2.1. Virus and Cells

The PDCoV CHN-GD-2016 (GenBank: MF280390.1) [7] strain was serially passaged and cultured in porcine proximal tubular cells (LLC-PK), which were grown in Dulbecco’s Modified Eagle Medium (DMEM) (Sigma–Aldrich, USA), supplemented with 10% fetal bovine serum (ExCell, China). The viral titers were assessed through the 50% tissue culture infectious dose (TCID₅₀) method in LLC-PK cells.

2.2. Animals

Clean (CL) ferrets and domestic cats were obtained from the Harbin Veterinary Research Institute. According to the Chinese National Standard GB 14922.2-2011, the definition of CL animal is as follows [28]: In addition to the pathogens excluded in conventional animals, these animals are further free from pathogens that pose significant risks to animal health or substantially interfere with scientific research outcomes. Their breeding and testing adhered to the national standards in the Pharmacopoeia of the People’s Republic of China (2015 edition).

All animals were kept in isolation in a controlled environment at the Animal Experimental Center of the Harbin Veterinary Research Institute, Chinese Academy of Agricultural Sciences, where they received sterile food and water. The experimental protocol and housing conditions were approved by the Animal Ethics Committee of the Harbin Veterinary Research Institute, Chinese Academy of Agricultural Sciences (Approval No: 230310-02-GR, 240314-01-GR).

2.3. Virus Inoculation

The selected experimental animals included 2-month-old ferrets (n = 40) and subadult cats aged 6–9 months (n = 40). The experiment was designed with two groups: the inoculation group (n = 25) and the control group (n = 15), with animals randomly assigned to each group. Animals from different groups were housed in separate isolation units. Prior to inoculation, all ferret and cat tested seronegative for PDCoV antibodies by enzyme-linked immunosorbent assay (ELISA), and their fecal samples were negative for viral RNA by quantitative real-time RT-PCR (qRT-PCR).

Considering the differences in body weight between ferret and cat, the dosage of virus inoculation was adjusted accordingly. The inoculation group received an oral dose of DMEM containing 1 × 10⁶ TCID₅₀ of PDCoV, with volumes of 300 μL for ferrets and 2 mL for cats. The control group was inoculated with the same volume of blank DMEM.

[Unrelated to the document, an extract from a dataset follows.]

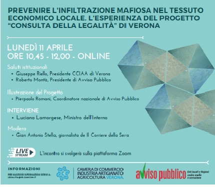 La Consulta della Legalità della Camera di Commercio di Verona ha tra i suoi obiettivi la realizzazione di un percorso formativo che si propone di trattare la conoscenza del fenomeno mafioso e del suo agire, in particolare nel settore economico, e la presentazione di buone pratiche di contrasto e prevenzione già messe in atto in altri territori dello stato italiano.
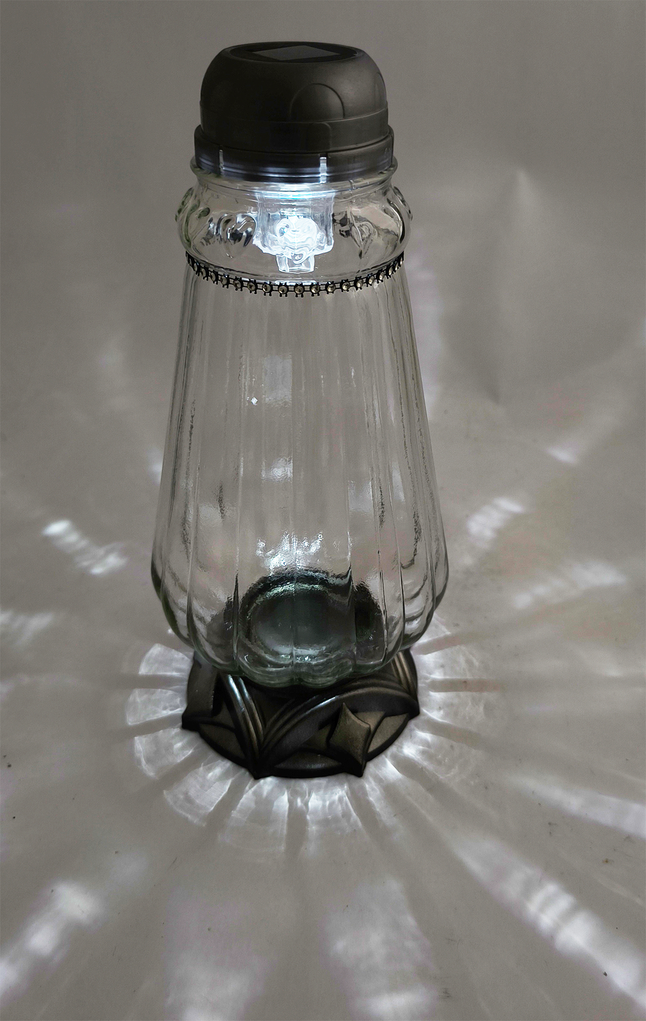 Duży nowoczesny znicz solarny z opaską z cyrkonii

Animals were observed throughout the day for defecation and fecal morphology to assign scores. The scoring criteria were as follows: 0 = normal feces, 1 = soft but formed feces, 2 = semi-liquid feces, 3 = watery diarrhea, with a score of 2 or above considered as diarrhea.

2.4. Sample Collection

At 3, 5, 7, 10, and 14 dpi, rectal swabs were collected by inserting a cotton swab ~5 cm into the rectum. After collection, the swabs were immediately placed in 1.5 mL centrifuge tubes containing 1 mL of DMEM and kept on ice until reaching the laboratory. The centrifuge tubes were vigorously vortexed for 10 s and then centrifuged at 1800 × g for 5 min at 4°C. The supernatant was aspirated using a pipette for subsequent viral RNA extraction.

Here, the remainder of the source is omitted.